As the Ivy Leaguers are celebrating a major ‘breakthrough’ in the diplomatic stalemate with Iran, it’s incredible how many Americans are in the dark about what is actually behind all of this sudden media fanfare.

Let’s give credit where credit’s due — but not to these two swarmy used car salesmen. Just like every office manager in history, politicians will always seize on any possible opportunity to look like they’ve actually accomplished something.

While Barack Obama, after turning in no work for 6 years, is now busy staying after class trying to pass with a C- on his Nobel Peace Prize exam, and while John Kerry is trying shake his ‘Mr Excitement’ image just in time for a Presidential run in 2016, the real deals are being cut and dried behind the scenes between oilmen, middlemen, mullahs — and Goldman Sachs.


“Look busy, people are watching”: Barack and John rebuilding their image after Syria failure.

No, it’s not about heavy water reactors, or even the threat of the ‘Islamic bomb” — it never was.

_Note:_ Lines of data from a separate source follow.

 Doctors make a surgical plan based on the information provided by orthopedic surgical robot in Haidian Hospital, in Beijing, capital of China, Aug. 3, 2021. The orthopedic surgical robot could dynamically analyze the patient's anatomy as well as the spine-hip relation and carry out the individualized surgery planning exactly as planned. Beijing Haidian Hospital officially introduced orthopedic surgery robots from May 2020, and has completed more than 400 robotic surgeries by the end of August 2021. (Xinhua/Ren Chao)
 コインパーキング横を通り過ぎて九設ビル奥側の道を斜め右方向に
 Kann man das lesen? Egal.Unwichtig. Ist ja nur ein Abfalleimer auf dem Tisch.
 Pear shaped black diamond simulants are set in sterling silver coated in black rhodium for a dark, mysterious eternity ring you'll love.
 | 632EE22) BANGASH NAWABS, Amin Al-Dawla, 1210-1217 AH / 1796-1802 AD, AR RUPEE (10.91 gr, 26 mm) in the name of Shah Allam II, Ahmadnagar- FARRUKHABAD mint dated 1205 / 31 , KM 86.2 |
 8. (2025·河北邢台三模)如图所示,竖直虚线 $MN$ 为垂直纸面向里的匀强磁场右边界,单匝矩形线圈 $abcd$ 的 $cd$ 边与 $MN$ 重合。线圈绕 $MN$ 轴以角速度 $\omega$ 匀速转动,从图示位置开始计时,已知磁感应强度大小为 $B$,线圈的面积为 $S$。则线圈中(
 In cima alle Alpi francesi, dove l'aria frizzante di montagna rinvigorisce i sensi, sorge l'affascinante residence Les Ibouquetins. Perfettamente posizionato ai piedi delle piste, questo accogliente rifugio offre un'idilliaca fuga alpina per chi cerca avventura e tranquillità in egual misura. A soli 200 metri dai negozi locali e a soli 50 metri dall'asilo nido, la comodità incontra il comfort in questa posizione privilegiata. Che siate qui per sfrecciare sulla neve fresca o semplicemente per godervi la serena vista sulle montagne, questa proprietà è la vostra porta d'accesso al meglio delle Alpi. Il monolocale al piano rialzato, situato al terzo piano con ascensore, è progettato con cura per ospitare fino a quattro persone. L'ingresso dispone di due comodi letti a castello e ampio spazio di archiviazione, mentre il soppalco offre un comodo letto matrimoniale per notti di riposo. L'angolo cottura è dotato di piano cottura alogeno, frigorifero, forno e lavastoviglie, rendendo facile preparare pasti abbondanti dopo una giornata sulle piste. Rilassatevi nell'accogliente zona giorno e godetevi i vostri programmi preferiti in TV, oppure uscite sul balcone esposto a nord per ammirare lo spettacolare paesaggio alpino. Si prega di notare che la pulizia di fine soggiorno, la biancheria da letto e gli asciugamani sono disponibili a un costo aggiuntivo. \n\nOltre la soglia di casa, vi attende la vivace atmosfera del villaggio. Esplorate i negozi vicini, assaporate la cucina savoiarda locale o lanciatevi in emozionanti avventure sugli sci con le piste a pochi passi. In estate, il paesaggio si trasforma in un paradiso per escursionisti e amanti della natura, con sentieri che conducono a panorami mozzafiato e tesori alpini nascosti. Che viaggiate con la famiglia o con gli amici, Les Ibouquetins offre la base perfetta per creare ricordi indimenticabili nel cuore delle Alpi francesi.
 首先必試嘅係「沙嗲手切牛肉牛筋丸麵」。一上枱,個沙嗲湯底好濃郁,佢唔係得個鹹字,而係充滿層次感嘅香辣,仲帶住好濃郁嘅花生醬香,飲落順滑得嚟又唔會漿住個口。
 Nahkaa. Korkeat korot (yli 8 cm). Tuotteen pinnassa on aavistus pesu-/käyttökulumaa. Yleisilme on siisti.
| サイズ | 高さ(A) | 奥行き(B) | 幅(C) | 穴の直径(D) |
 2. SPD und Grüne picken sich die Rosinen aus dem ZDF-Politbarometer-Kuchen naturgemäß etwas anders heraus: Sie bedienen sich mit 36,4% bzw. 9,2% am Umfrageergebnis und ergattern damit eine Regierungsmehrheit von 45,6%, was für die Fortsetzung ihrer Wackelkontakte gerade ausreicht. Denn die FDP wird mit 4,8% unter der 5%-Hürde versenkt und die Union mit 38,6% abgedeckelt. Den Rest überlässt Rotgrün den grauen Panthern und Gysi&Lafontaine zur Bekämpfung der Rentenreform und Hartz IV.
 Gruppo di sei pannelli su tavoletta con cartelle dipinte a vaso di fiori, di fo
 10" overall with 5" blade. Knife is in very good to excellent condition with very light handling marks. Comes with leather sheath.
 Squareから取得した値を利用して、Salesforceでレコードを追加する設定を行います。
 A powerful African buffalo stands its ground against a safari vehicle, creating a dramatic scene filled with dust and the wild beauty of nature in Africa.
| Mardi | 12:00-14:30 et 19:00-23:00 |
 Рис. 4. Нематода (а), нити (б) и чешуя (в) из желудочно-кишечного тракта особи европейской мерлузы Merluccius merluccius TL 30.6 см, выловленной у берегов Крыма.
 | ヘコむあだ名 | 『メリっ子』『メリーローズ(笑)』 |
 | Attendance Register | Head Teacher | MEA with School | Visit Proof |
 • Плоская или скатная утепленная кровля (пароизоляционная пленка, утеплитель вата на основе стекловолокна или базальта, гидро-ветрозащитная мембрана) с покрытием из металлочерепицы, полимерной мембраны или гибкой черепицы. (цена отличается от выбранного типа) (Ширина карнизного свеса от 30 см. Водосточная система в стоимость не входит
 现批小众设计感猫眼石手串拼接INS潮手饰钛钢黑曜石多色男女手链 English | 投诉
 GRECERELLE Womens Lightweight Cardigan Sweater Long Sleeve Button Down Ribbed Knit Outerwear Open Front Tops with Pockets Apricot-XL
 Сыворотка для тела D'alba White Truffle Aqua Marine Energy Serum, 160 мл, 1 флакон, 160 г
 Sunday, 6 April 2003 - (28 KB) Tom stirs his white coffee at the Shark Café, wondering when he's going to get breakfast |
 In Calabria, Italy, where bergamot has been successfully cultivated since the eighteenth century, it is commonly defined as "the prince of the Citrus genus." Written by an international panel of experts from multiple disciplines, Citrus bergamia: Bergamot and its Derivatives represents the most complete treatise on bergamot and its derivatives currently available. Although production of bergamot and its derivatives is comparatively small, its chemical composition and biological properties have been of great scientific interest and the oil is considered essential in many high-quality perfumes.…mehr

If you want to know what’s it’s really all about, sit down and get out your solar-powered calculator. It’s all about petrodollars.


MODERATION AND EXCESS

In the immediate wake of the Iran sanctions-unwinding agreement thrown together with many unanswered question in Geneva, Sunday night, Brent crude fell $2.29 or about 2.7% to settle at $108.76 a barrel, while US-traded West Texas Intermediate was down $1.44 to $93.40, in response to the agreement. Analysts were however quick to warn that Iranian exports are unlikely to jump in the short term because key limitations on sales — including a ban on crude oil but not finished product exports to the EU — will remain in place until a comprehensive deal is reached, starting six months from now.

US and EU sanctions have had a claimed impact of reducing Iranian exports from almost 2.5 million barrels a day (Mbd) or their equivalent in refined products, to a little over 1 Mbd since early 2012. The apparent squeeze on global supplies that resulted has allowed overpriced oil to be ‘normal’. This is despite a global traded energy context, outside oil, where prices are falling, often far and fast.

Apart from the Syrian civil war crisis, Egypt’s unresolved civil strife, and Libya’s anarchy, Iran sanctions provided a clear storyline for the oil bulls, enabling them to overprice oil in day trading. The prospects of an Israeli, US or even Saudi military strike on Iran’s nuclear facilities, which are widespread across its territory, enabled the so-called geopolitical risk premium on oil, especially Brent grade which benchmarks eastern hemisphere oil trade, to attain and sometimes hold about $10 — $15 on every barrel against US WTI.

Removing this premium will cut WTI grade oil prices to around $80 per barrel and Brent to around $95.